Glide - Also called portamento, is the slowing down of pitch changes as you play
different notes on the keyboard. In synthesizers, a rate is specified that determines
how fast the glide between notes is.

These terms are basic to understanding analog subtractive synthesis. Should you
choose to pursue a more in depth study of the subject, recommended is the book
Analog Synthesis

by Reinhard Smitz, available from Wizoo Publications

(www.wizoo.com).

III. The Voyager’s Features

The minimoog Voyager is a monophonic analog synthesizer that is a descendant of
the classic minimoog. Its sound sources are an external audio input, a noise source,
and three analog, variable waveform oscillators. The Voyager has front panel
controls for real time control of its parameters (figure 12).
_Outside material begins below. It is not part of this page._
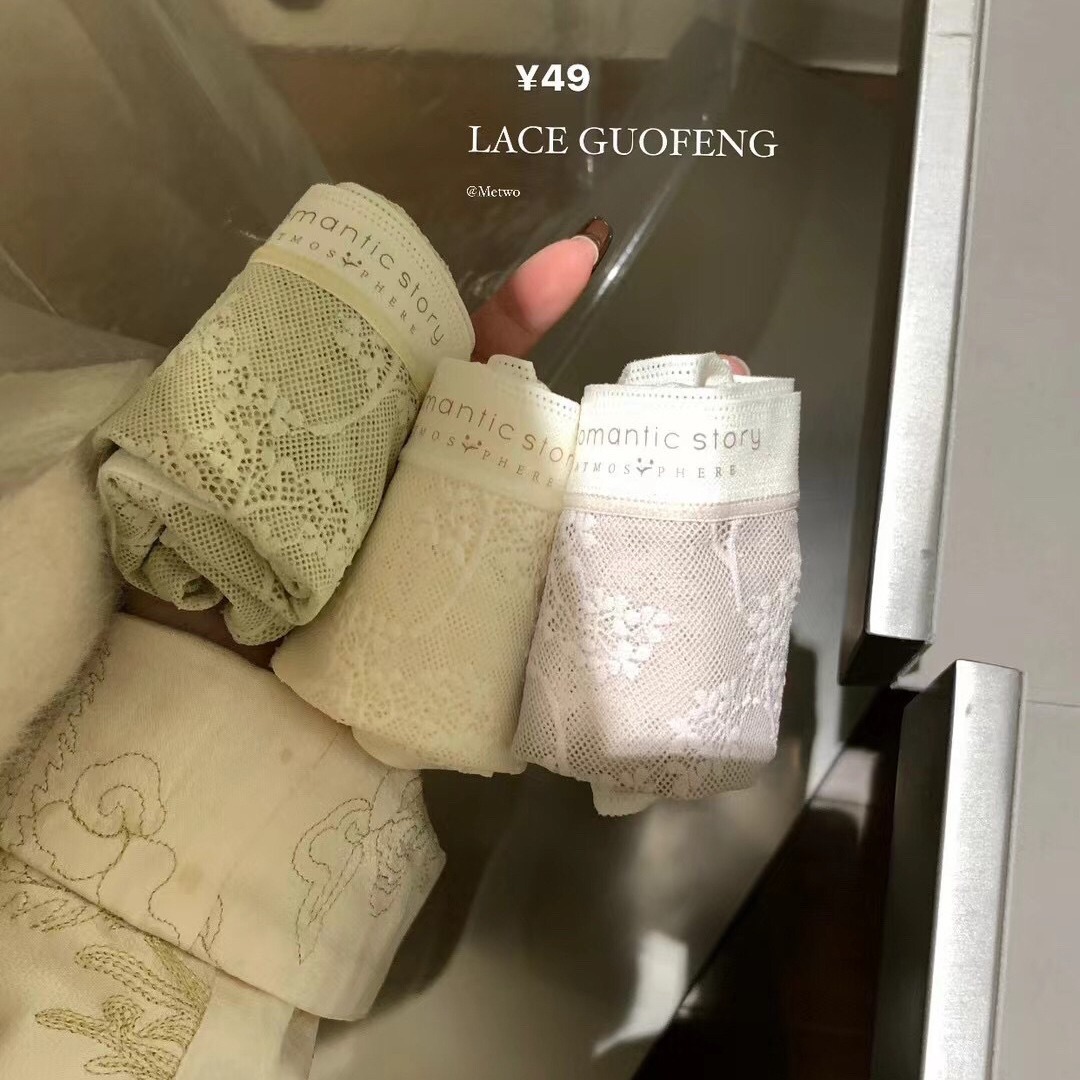 中式纯欲蕾丝女士三角裤中腰高弹字母腰头网纱透明纯棉档性感内裤

The back panel offers the many connections available, including the power, MIDI,
CV, and audio connections (figure 13). For the Control Inputs, a blue nut indicates a

gate/footswitch input and a red nut indicates a CV/ expression pedal input.

- The Oscillator section includes controls for choosing the octave, the tuning of the
second and third oscillators, the oscillators’ waveforms, and switches for oscillator
sync, linear FM, and oscillator 3’s frequency range and keyboard control.

- The sound sources are selected and their levels are set in the Mixer section.
The output of the Mixer section goes to the Filter section. An effect can be inserted
between the Mixer and Filters by means of the Mix Out/ Filter In jack.

- The Filter section contains two filters that work together in two different modes. Dual
Lowpass mode features two lowpass filters in parallel and Highpass-Lowpass mode
features a lowpass and highpass filter in series. The Cutoff control affects both filters’
cutoff frequencies, and the Spacing control sets a difference between the two
filters’ cutoff frequencies. The outputs of the Filters are passed on to the Output
VCAs.

- The Envelopes section contains one ADSR envelope generator for the Filters, and
one ADSR envelope generator for the Output VCAs. The audio path is illustrated in
figure 14.

- When a key is pressed, A Gate and Pitch CV are produced by the keyboard. The
Gate signal is used to trigger both the Filter and Volume Envelopes. The Pitch CV is
used to determine the pitch of the Oscillators and can be applied to a varying
degree to the Filters through the Keyboard Control Amount knob (fig 15).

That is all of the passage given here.